Предыдущая глава |
↓ Содержание ↓
↑ Свернуть ↑
| Следующая глава |
— Достала ты меня, Настя, своей лженаукой. Не верю я в это все. Пей, и уходи, а то скоро Лилька придёт, а она у меня крутая, подерётесь ещё.
— Не придёт, пока я здесь.
— Откуда ты знаешь?
— А вот знаю, и всё тут! — обиженно выпятила блеклые губки Настя и отвернулась.
Долго комкала платочек в неухоженных руках с коротко остриженными ногтями без маникюра, потом тихо сказала:
— Мне хоть бы одним глазком взглянуть на мою разлучницу-мучительницу.
— В чем дело? Я же тебе показывал её фотки.
— Сфотографируй её, когда вы с ней... Ну, понимаешь?
Настя не смела поднять на меня глаз.
— Ты, что, извращенка?
— Ты не поймёшь, братик духородный. Во время... ну, этого... сам понимаешь... она принимает свой природный облик. Я хочу увидеть её именно такой.
— Да никакого облика она не принимает. Потеет только сильно после оргазма, но даже пот у неё благоуханный.
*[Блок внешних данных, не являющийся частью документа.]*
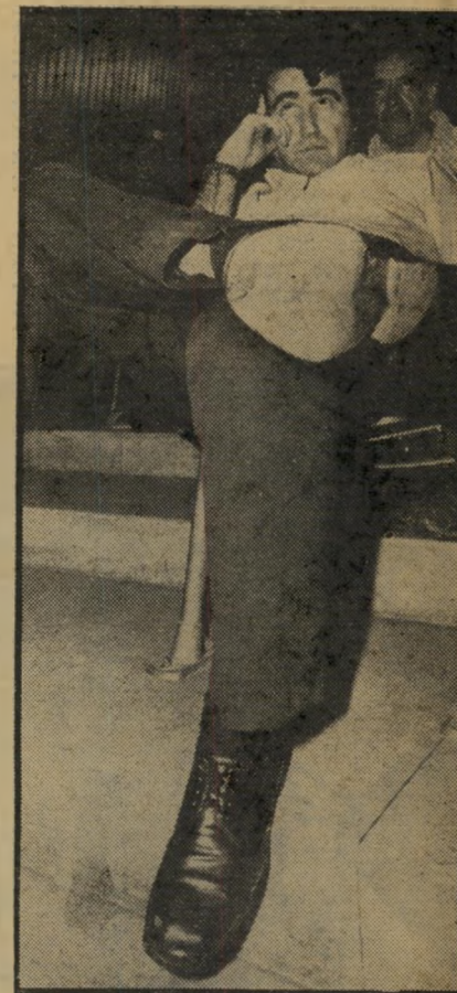
שר-התינוך המר הרב לעג לתלמידו

לחם ושעשעוטיב. לא היה ספק: זאת תהיה ממשלה שלא רק תשלוט, אלא תר" אה שיהא שולטת. בכל האמצעים שבידה. הדראמה, המלל, הג'סטות, מחזות-הראווה המבריקים שכליך חסרו בממשלות האחר
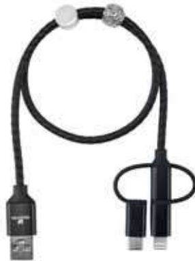
USB CHARGING CABLE cod. SW5434787 - € 29.00

Questa borsa shopper di alta qualità è la compagna perfetta per le spese di ogni giorno, oltre che un'eccellente idea regalo. Realizzata in cotone poliestere, presenta elementi statement delle collezioni di gioielli Swarovski. 40 x 35 cm.
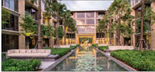
أحد مشاريع الشركة في تايلند
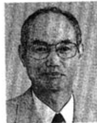
大 舛 主 馬 市 議

砂山連合自治会を中心 としてとりくんだ施設建 設反対署名は11万人を越 え、昨年市に提出しました。
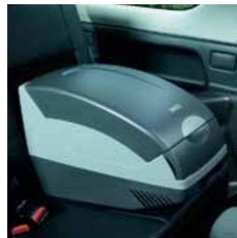
2.3 Автохолодильник Объем — 15 л, фиксируется с помощью ремня безопасности 990E0-64J30-000
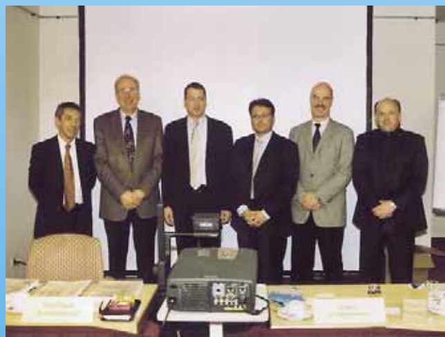
Der neue Vorstand beim Bundesinnungsverband des Deutschen Kälteanlagenbauer-Handwerks BIV
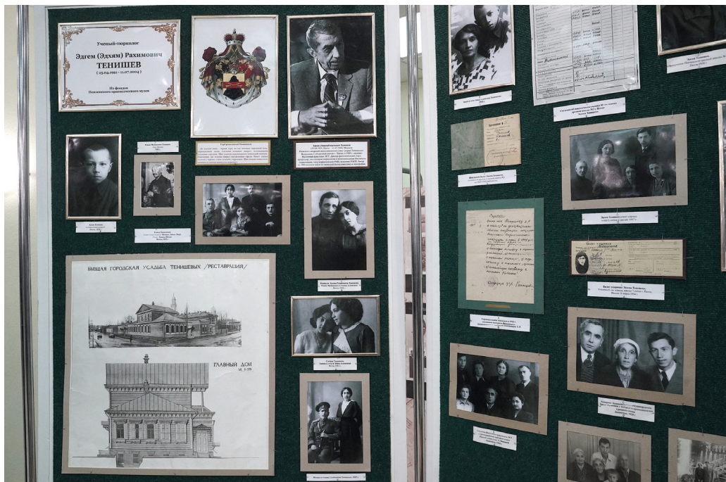
Фотоэкспозиция, посвященная Э.Р. Тенишеву
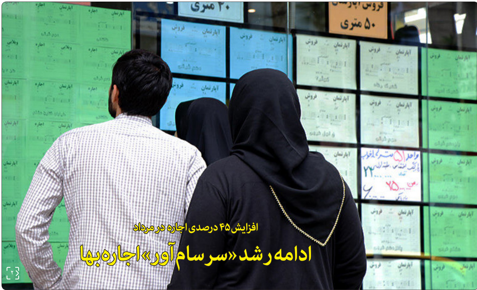
افزایش ۴۵ درصدی اجاره در مرداد ادامه رشد «سر سام آور» اجاره‌بها

مدیرعامل شرکت ملی پالایش و پخش فرآورده‌های نفتی:
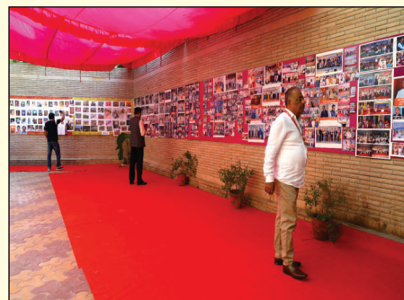
शताब्दी वर्ष चित्र प्रदर्शनी-2023
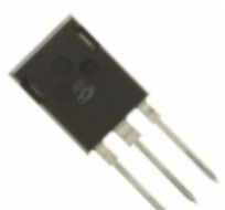
APT50GT120B2RDLG Microsemi Corporation IGBT 1200V 106A 694W TO-247
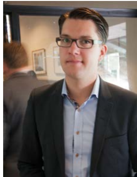
Jimme Åkesson, SDs partiledare

– Det är alltid någon som kommer vara missnöjd. Men det här är ett universitet, vi förväntar oss att människorna här ska vara så mogna att de kan lyssna på även de mest obehagliga åsikter och sedan själva bestämma vad de ska tycka.
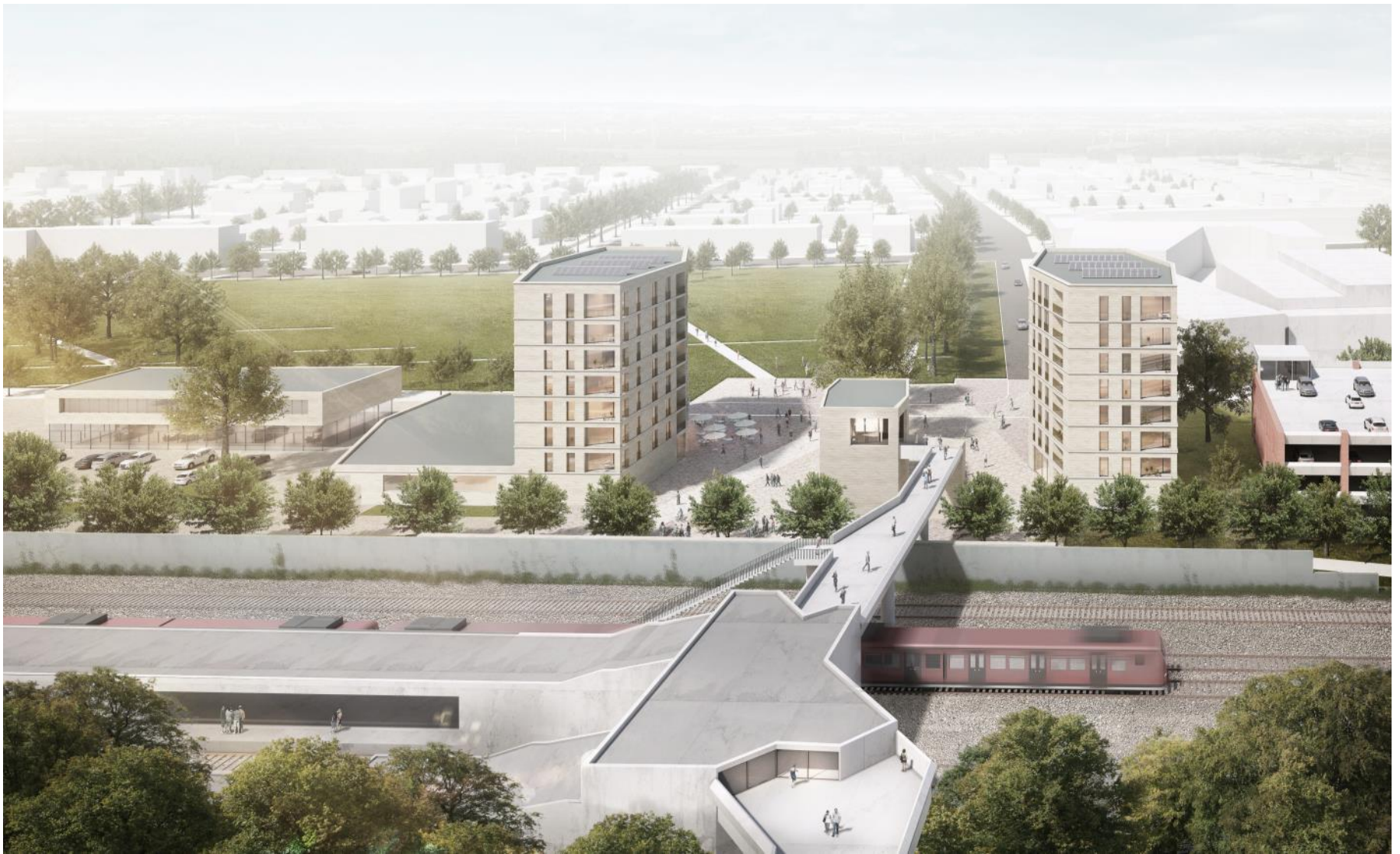
Vogelperspektive von Süden

— А выделения из промежности — вообще мёд! — прошипела от злости Настя.
— Да не злись! Ты просто ревнуешь. Сфоткаю я тебе Лильку во время траха скрытой камерой, если тебе так уж надо. Ты, наверное, курсовую работу пишешь на тему греховности добрачных отношений?
Вместо ответа Настя на прощание провела ладошкой по моей впалой щеке.
— Ой, как ты похудел, миленький!
— Постройнел, ты хотела сказать. Я даже радуюсь этому. А то, понимаешь, набрал весу под сто кило.
— Для твоего роста и твоей комплекции вполне нормально. Иссушит она тебя.
— Нет, вернёт мне спортивную форму.
4
Потом Настя засыпала меня своими звонками.
— Сфоткал?
— Знаешь, Лилька расхохоталась и разбила спрятанный фотоаппарат.
— Купи новый и сними на видео тайком. Только не забудь!
— Ладно, не забуду.
Через день новый звонок.
— Снял?
— Знаешь, чудеса какие-то. Поставил камеру на полку, а Лилька вскочила и выключила её.
— А ты установи камеру для скрытой съёмки так, чтобы твоя Лилька не приметила.
— Ладно, сделаю, только отстань. Я спрячу камеру в вентиляционной отдушине, Лилька не заметит.
— Ну, зачем ты мне это сказал, дурачок!
Честно говоря, этими своими звонками в самое неподходящее время Настя меня уже достала.
— Ну, миленький, не тяни! Сфоткал?
— Камера сама собой выключилась.
— Ничего само собой не случается. Это твоя сука заставила тебя выключить, а ты и не помнишь.
— Слышь, Настя, на кой тебе видео, где парень трахает девку? Весь интернет завален порномусором. Или ты хочешь подзаработать на моей съёмке?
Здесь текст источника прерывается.